That looks like a great curriculum, but I'd have to agree with you. For that time investment, I could be a PA, have a BSN, or an EMS AAS and be halfway through an RN program. It's a catch 22 like we've been saying all along. How many are going to sacrifice themselves by getting going the four years, making only mediocre money afterwards, and maybe, if they're lucky, get enough others to do the same, and improve their financial compensation.
I think this becomes a chicken-and-the-egg situation. Which comes first?
[standard caveat: I haven't been in an ambulance for several years, there's a distinct possibility I'm an idiot]. When I started EMS, few services in my area were doing 12-lead. It was considered to be a fancy skill, that added no value. "What's the point?", people would say, "when we get to the hospital they just do their own and throw our's away. They don't even want to see it?".
Then after a while, more and more services started getting 12-lead capability. Telemetry became more widespread. Some of the services started sending 12-leads to the ERs, and the doctors and nurses became more used to the idea.

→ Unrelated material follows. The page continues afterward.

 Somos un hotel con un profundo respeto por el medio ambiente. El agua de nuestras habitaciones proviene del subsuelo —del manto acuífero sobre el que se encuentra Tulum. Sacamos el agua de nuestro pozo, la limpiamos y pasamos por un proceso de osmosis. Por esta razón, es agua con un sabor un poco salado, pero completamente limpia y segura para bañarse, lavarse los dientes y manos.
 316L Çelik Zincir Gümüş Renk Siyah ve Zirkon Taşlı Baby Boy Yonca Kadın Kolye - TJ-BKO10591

As an EMT and as a new medic, I was involved in some of the first thrombolytic trials in the region (around 2001). We showed that we could identify infarcts in the field, fax them to a cardiologist, give this new drug, tenecteplase, and actually have people reperfuse (occasionally) in the back of the ambulance. We also started doing the ER bypass direct to cathlab thing.

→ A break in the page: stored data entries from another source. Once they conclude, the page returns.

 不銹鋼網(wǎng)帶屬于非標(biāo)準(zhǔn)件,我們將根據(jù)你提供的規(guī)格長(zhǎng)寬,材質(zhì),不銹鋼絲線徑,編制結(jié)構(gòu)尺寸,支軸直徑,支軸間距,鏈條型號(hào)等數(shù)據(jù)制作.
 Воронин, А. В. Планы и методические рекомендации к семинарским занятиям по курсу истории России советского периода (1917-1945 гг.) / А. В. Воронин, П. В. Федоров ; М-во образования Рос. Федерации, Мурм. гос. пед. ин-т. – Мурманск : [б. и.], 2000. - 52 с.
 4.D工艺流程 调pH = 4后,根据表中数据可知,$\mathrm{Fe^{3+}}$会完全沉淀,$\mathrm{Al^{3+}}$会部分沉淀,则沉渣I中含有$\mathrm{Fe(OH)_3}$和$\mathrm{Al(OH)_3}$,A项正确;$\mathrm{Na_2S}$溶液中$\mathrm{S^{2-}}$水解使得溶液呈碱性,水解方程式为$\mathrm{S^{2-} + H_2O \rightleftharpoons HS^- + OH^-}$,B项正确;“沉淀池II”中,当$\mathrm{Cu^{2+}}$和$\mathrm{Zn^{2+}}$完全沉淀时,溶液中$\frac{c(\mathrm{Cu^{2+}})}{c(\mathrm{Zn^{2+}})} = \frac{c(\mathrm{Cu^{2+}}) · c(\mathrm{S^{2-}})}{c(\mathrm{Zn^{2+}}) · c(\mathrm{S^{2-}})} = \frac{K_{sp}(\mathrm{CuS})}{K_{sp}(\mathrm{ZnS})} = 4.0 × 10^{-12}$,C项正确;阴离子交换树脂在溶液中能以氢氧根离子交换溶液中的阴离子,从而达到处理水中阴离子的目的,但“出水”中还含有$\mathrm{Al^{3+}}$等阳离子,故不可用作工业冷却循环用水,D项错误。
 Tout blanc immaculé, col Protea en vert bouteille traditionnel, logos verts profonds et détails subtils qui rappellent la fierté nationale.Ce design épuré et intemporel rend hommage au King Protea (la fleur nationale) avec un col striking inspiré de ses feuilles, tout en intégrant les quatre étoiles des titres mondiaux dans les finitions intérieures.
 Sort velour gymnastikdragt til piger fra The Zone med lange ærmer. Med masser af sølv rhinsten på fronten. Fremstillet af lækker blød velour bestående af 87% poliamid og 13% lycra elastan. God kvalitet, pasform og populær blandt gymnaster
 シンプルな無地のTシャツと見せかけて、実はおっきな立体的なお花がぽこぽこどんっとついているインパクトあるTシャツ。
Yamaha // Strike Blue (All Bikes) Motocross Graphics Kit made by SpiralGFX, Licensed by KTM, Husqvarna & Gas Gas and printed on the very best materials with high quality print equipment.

This evolved to the point that when I left EMS, it was considered unacceptable not to have done an ECG on pretty much any one with any sort of potential anginal pain/equivalent. The ERs had become so reliant on this being done, that if you brought in an elderly female diabetic patient with vague malaise, and couldn't produce as 12-lead, it caused real problems.
But all that time, paramedic training was 2 years. Had been for 20 years. Over 20 years, new skills, new procedures, more responsibility, and no one had increased the educational requirements.
I've heard for years now that paramedics want to have more responsibility, and they want to direct more patients away from the ER. But no one wants to take more training in order to do this. And this holds the profession back.
For example, we were trained to suture. This was/is part of our scope of practice. But very few paramedics in my area had sutured anyone outside of their hospital practicum. There was a small group of people working in remote locations suturing minor wounds to keep rig workers working. But really, no one else was doing it. Yet I'd hear people talking about how we should be able to assess minor wounds, clean them, suture, dispense antibiotics, and refer them to a minor clinic for assessment in a few days. But for the most part, few people felt they should have to have university level microbiology to do this. The idea seemed to be, that a technical school diploma was enough background to do this on. After all, we'd all sutured random pieces of meat during class labs. A few of us had sutured real people, a couple of times. How hard could it be? It's these attitudes that prevent us from moving forwards.